Loop Daily: 2026-06-06
Autoresearch stopped being Karpathy's demo this week and became a thing people point at everything. The headline cases are almost hard to believe lined up together: a fleet of agents authoring three survey papers that score 8.5 out of 10 on peer review with zero human paragraphs, an open-source agent that rewrites its own weights for a 502 percent jump on a biology task, and a hobbyist with no quantum background beating domain experts on a cryptography benchmark purely through better harness design. The loop is also leaking out of the lab, into cold outbound sales, into hunting DMT vectors inside a model, into a generated video game, into a live ecommerce store. The one refrain underneath all of it is that the loop closes everything except research taste, and that is exactly where the frontier now sits.
#1
@victor207755822
https://x.com/victor207755822/status/2062585403136508400
The Deli AutoResearch project shipped three complete survey papers this week, one brand-new and two updated, with not a single human-written paragraph. The numbers are the story: 941 references across 190 pages, an average peer-review score of 8.5 out of 10, up from 6.0 after fourteen rounds of AI-driven revision, all in about thirty-eight hours of runtime. This is autoresearch pointed straight at scientific writing, and the bottleneck the author names is telling, it is no longer writing quality, it is research taste. The next target is hypothesis generation and novelty detection for fully original work.

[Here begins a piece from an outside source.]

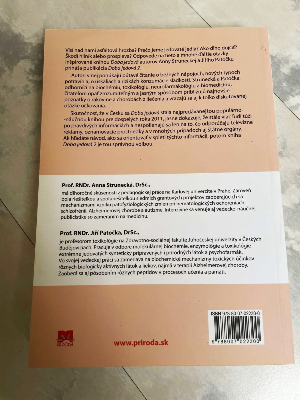 Visí nad nami azbestová hrozba? Prečo jeme jedovaté jedlá? Ako dlho dojčiť? Škodí hliník nášmu zdraviu alebo prospieva? Odpovede na tieto a mnohé ďalšie otázky inšpirované knihou Doba jedová autorov prof. Anny Struneckej a prof. Jiřího Patočku prináša aktualizovaná publikácia Doba jedová 2, ktorá ponúka pútavé čítanie o bežných nápojoch, nových typoch potravín aj o úskaliach a rizikách konzumácie sladkostí. Autori, odborníci na biochémiu, toxikológiu, neurofarmakológiu a biomedicínu, čitateľom zrozumiteľným a jasným spôsobom približujú najnovšie poznatky o rakovine a o chorobách z liečenia a vracajú sa aj k toľko diskutovanej otázke očkovania.

https://x.com/victor207755822/status/2062585403136508400
The Deli AutoResearch project shipped three complete survey papers this week, one brand-new and two updated, with not a single human-written paragraph. The numbers are the story: 941 references across 190 pages, an average peer-review score of 8.5 out of 10, up from 6.0 after fourteen rounds of AI-driven revision, all in about thirty-eight hours of runtime. This is autoresearch pointed straight at scientific writing, and the bottleneck the author names is telling, it is no longer writing quality, it is research taste. The next target is hypothesis generation and novelty detection for fully original work.
#2
@AGIHouseSF
https://x.com/AGIHouseSF/status/2062597443745919352
SIA, an open-source agent out of recent research, does something that still sounds like science fiction: it rewrites both its own harness and the underlying model weights. The reported results are not modest, a 56.6 percent gain on LawBench, a 502 percent improvement on single-cell RNA denoising, and a 91.9 percent runtime reduction on GPU kernels. This is the recursive-self-improvement loop with the safety rails off, an agent editing the two things we usually treat as fixed. The crowd is excited enough to throw an emergency hackathon for it.

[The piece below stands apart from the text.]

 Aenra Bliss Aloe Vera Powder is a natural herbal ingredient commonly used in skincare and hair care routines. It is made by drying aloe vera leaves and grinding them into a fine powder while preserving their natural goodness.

https://x.com/AGIHouseSF/status/2062597443745919352
SIA, an open-source agent out of recent research, does something that still sounds like science fiction: it rewrites both its own harness and the underlying model weights. The reported results are not modest, a 56.6 percent gain on LawBench, a 502 percent improvement on single-cell RNA denoising, and a 91.9 percent runtime reduction on GPU kernels. This is the recursive-self-improvement loop with the safety rails off, an agent editing the two things we usually treat as fixed. The crowd is excited enough to throw an emergency hackathon for it.
#3
@0xkydo
https://x.com/0xkydo/status/2062565216919908360
Sixty hours after launching the ecdsa.fail challenge, the most surprising result was who topped the board. The biggest single improvement came from someone who knew far less about quantum and elliptic curves than the original author, and whose own autoresearch runs had been plateauing for days. Over a weekend he jumped the benchmark by about fifty percent, with no domain knowledge, purely on the back of a tighter prompt system and a better harness around the agent. Watching harness design beat domain depth in real time is the quietly important lesson of the week.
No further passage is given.